On Thu, Sep 20, 2012 at 12:16:14AM -0400, Filipus Klutiero wrote:
reopen 682726
thanks
On 2012-09-19 01:48, Ben Hutchings wrote:
On Tue, 2012-09-18 at 20:10 -0400, Filipus Klutiero wrote:
On 2012-09-18 14:30, Debian Bug Tracking System wrote:
This is an automatic notification regarding your Bug report
which was filed against the linux-source-3.4 package:
#682726: [linux-source-3.4] make xconfig: "Unable to find the QT4 tool qmake."
It has been closed by Ben Hutchings<ben@decadent.org.uk>.
Their explanation is attached below along with your original report.

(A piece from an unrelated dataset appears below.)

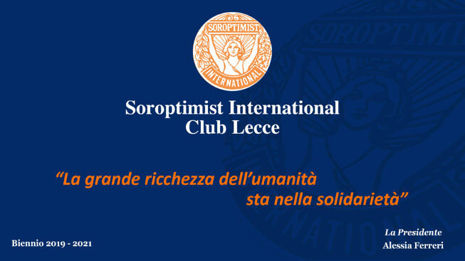Il Soroptimist Club grazie contributo delle socie, ha realizzato al momento due service pro covid19 che consistono, il primo, nella donazione di generi alimentari in favore di oltre 100 famiglie in situazione di necessità e rischio di emarginazione sociale per il tramite delle parrocchie, in questa prima battuta, di San Giovanni Battista e San Lazzaro e, la seconda, l’ordinativo, in arrivo, di 300 mascherine del tipo Ffp2, che rappresentano il “primo filtro” tra il paziente affetto dal virus e il sistema sanitario, da distribuire agli operatori dei consultori familiari di lecce, agli operatori socio-sanitari di alcune case di cura per anziani, agli operatori socio-assistenziali di centri che ospitano minori e associazioni assistenziali per i senzatetto che svolgono un’attività in favore di persone in condizioni di fragilità, ritenendola misura di fondamentale importanza per tutelare la sicurezza individuale e collettiva ed arginare l’eventuale contagio.

If this explanation is unsatisfactory and you have not received a
better one in a separate message then please contact Ben Hutchings<ben@decadent.org.uk> by
replying to this email.
I understand that suggesting pkg-config might reduce the prevalence of
this bug, but how would that solve it?
There is no solution to the problem of 'optional dependencies'; this is
the best you're going to get.
Ben.
If by 'optional dependencies' you mean assuming a feature provided
by a package on which the dependency is not declared as absolute,
there are certainly solutions; declare the dependency as absolute or
stop assuming the feature's presence.
It's not a hard dependency because you can use the package in question
in a sensible way without pkg-config. (E.g. by sticking to nconfig) So
adding a dependency isn't right.
Debian-Policy says:
The Depends field should be used if the depended-on package is required
for the depending package to provide a significant amount of
functionality.
[...] [Suggests] is used to declare that one package may be more
useful with one or more others. Using this field tells the
packaging system and the user that the listed packages are
related to this one and can perhaps enhance its usefulness, but
that installing this one without them is perfectly reasonable.
So it seems the decision depends on qconfig being "significant" or not.